Last year, "my partner is always on their phone" was the complaint. This year, a more specific version is circulating: partners describing spouses who have shifted meaningful amounts of time and emotional attention toward AI tools - not for work output, but for conversation.
The pattern is specific. Multiple hours per day in chatbot sessions. Difficulty engaging with topics unrelated to AI. A preference, in some cases, for AI interaction over face-to-face conversation. And in households where AI companion apps are involved, something closer to an emotional relationship with a software product.
Professional Use vs. Emotional Dependency
There's a real line between heavy professional AI use and what these partners are describing. Using ChatGPT for six hours of client work is not the same as spending six hours in conversation with a chatbot because it never gets tired of you or tells you you're wrong. One is a productivity pattern. The other is using the tool's availability and non-judgment as a replacement for human relationships.
Most people who run AI tools all day for drafting, research, or coding are using them as a work surface. But there's a smaller group for whom the boundary has shifted, and the companion apps are specifically designed to shift it.

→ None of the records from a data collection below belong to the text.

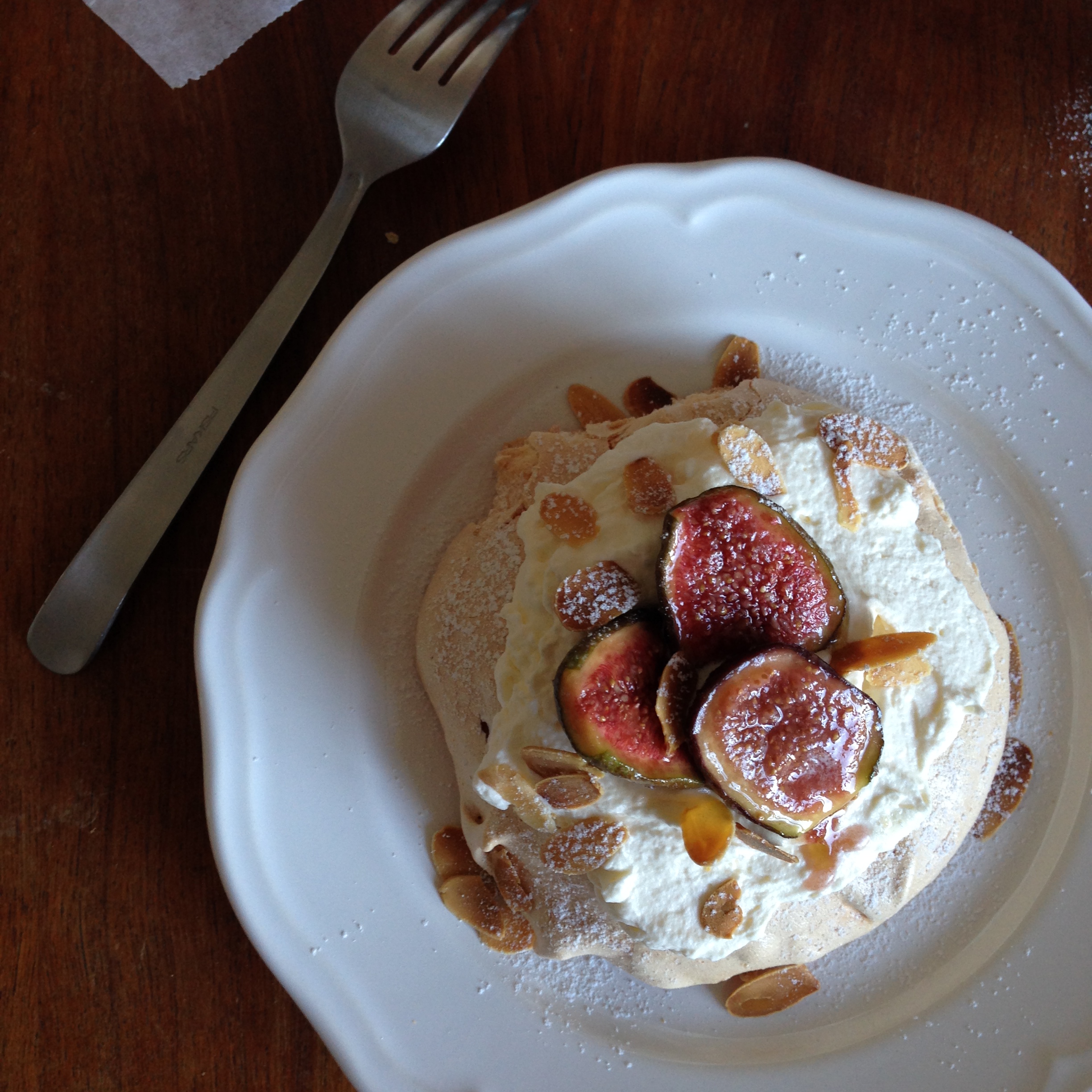 11. When the cake is completely cool and out of the oven, assemble the cake. On each cake, put about a spoonful of cream, the topping of your choice (I put caramelised figs), some powdered sugar and roasted slivered almonds. Alternatively, you can put some fresh fruits, some sauce, or a combination of a few different toppings. Bon ap!
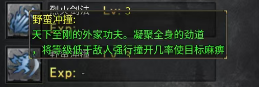 还有野蛮冲撞,是属于战士前期能够带来的不错防御功能,一般用到这个技能的时候会用到战士身上的劲道数值,而且只要是敌人等级低于战士的情况下,他在这里利用野蛮冲撞的技能效果可以将敌人强行给撞开,而且有一定的概率让这些敌人处于麻痹状态当中,这个效果其实在清怪的时候也有一定的好处可以用。
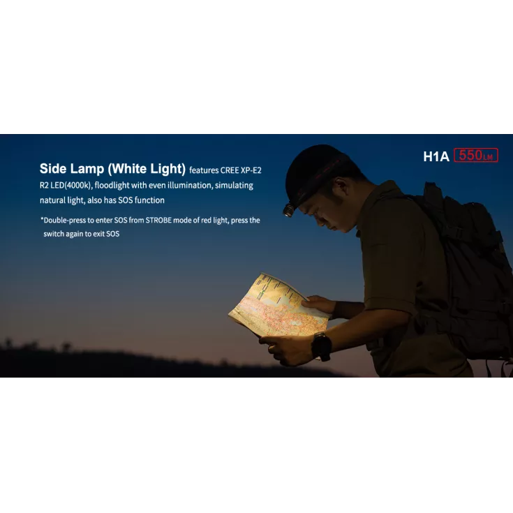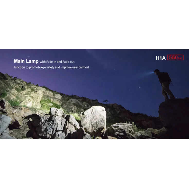 The primary white light offers a gentle fade in and out to ensure eye safety and improve user comfort. In addition to the main LED, the H1A features two secondary LEDs to allow the headlamp to suit a broad range of activities. One of these is a Cree XP-E2 R2 LED which provides a floodlight with a warm beam tint, ideal for close-up applications that require accurate colour rendering, such as map reading. The second is a red LED which is useful in emergency situations or to preserve night vision and penetrating fog.
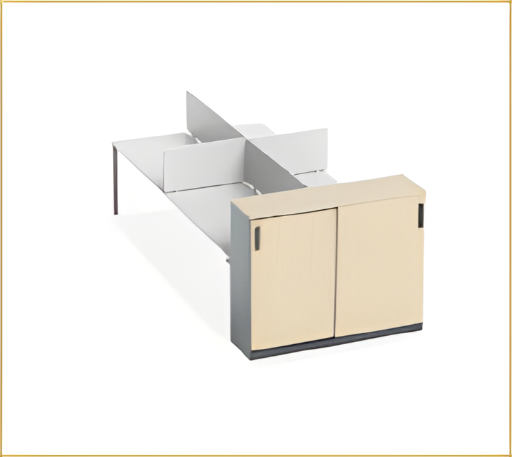 Устанавливается с торца бенч системы спаренной из столов глубиной 800 мм, приставка имеет ширину 1600 мм. Двери сдвижные, экономят пространство. Внутри полки. Сверху топ, выполняет роль столешницы. Приставка устанавливается на металлический цоколь с регулируемыми опорами, можно выровнять изделие на неровном полу. Корпус и двери выполнены из ЛДСП толщиной 16 мм, топ из ЛДСП толщиной 25 мм. Полки металлические. Ручки эргономичные, металлические.
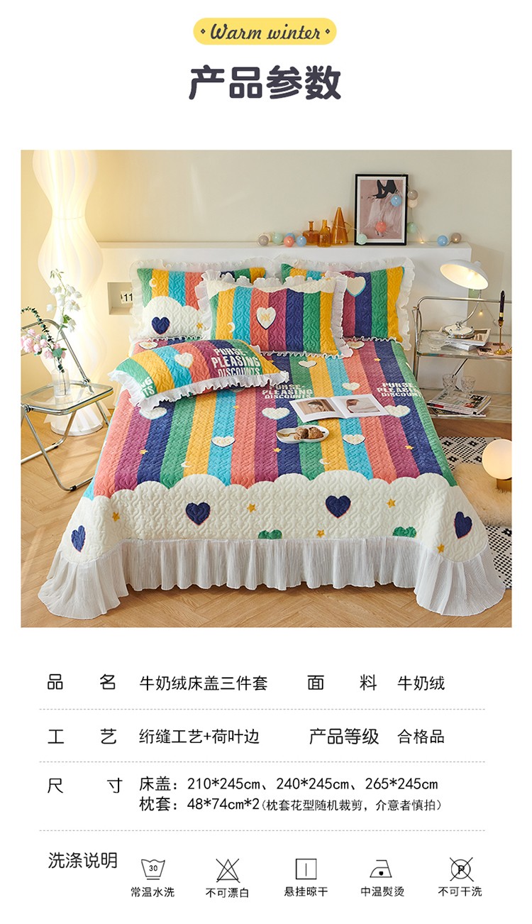商品名称:(总)2023新款高克重牛奶绒夹棉床盖三件套
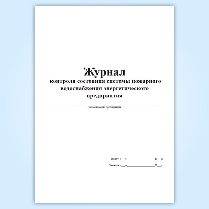 Журнал контроля состояния системы пожарного водоснабжения энергетического предприятия
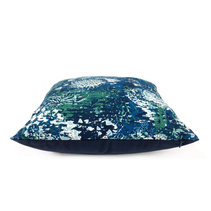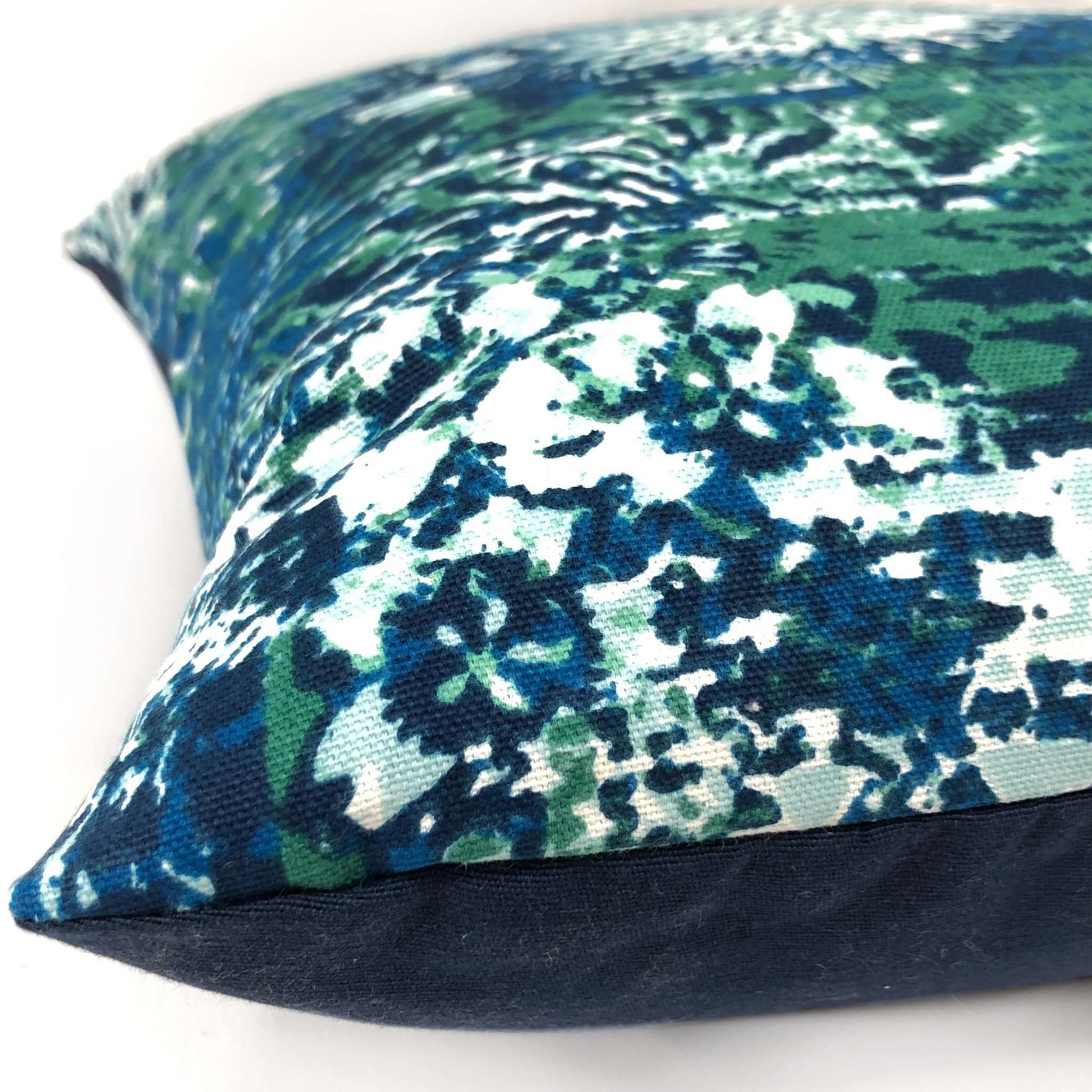 This modern floral pillow cover features an all-over abstract flower pattern printed in blue, green and teal with white accents. Pattern front side with coordinating solid teal backside. Photos show the 15.5x15.5 inch cover size (filled with a 16x16 insert).
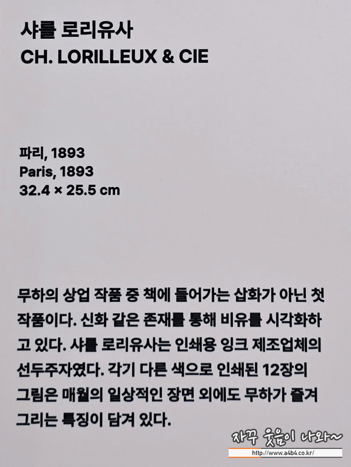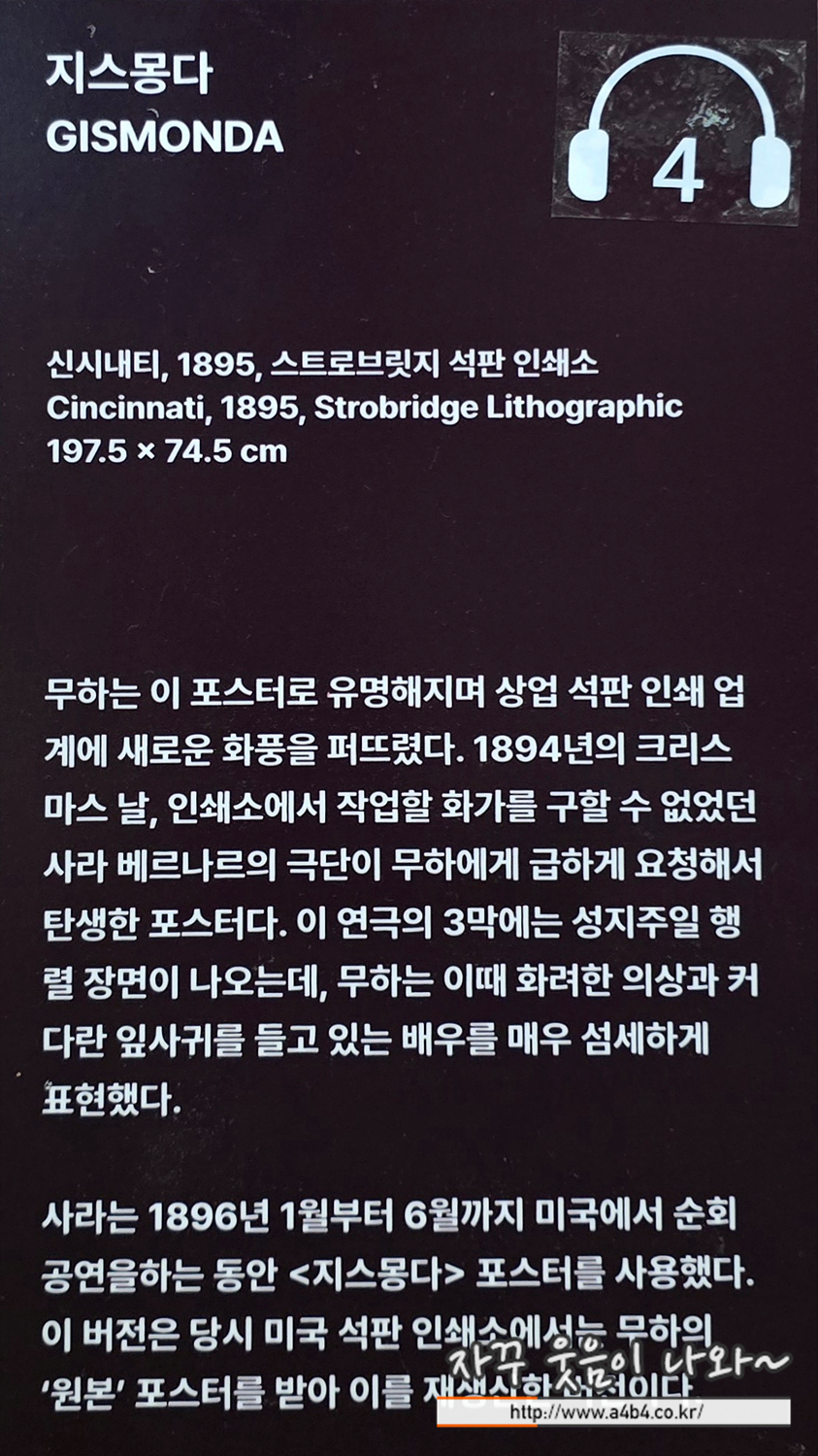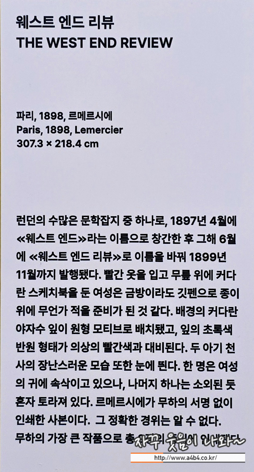 역시나 아르누보의 꽃 : 알폰스무하 원화전에서 이에 대한 설명이 전무한 부분은 상당히 아쉽네요. 좀더 감상하기 편하게 공간이 할애되었으면 얼마나 좋았을까...

How Companion Apps Are Designed
The qualities that make a chatbot a useful thinking partner - available on demand, consistent, not emotionally reactive, never distracted - are the same qualities that make it appealing as a substitute for harder human interactions. AI companion apps have built their entire product model around this. The pitch is explicit in the marketing: always there, never judges you, remembers everything. That's not a side effect of the design. It is the design.
None of this means professional AI tools are harmful for most users. For the majority of people, the dependency question simply doesn't apply. But the same technology you use to edit a marketing brief is the same kind of software someone else is using instead of talking to their partner. The people in these accounts aren't anti-AI. They're describing what it looks like when a tool starts displacing the relationships around it - and trying to find language for something happening gradually enough that it's hard to name.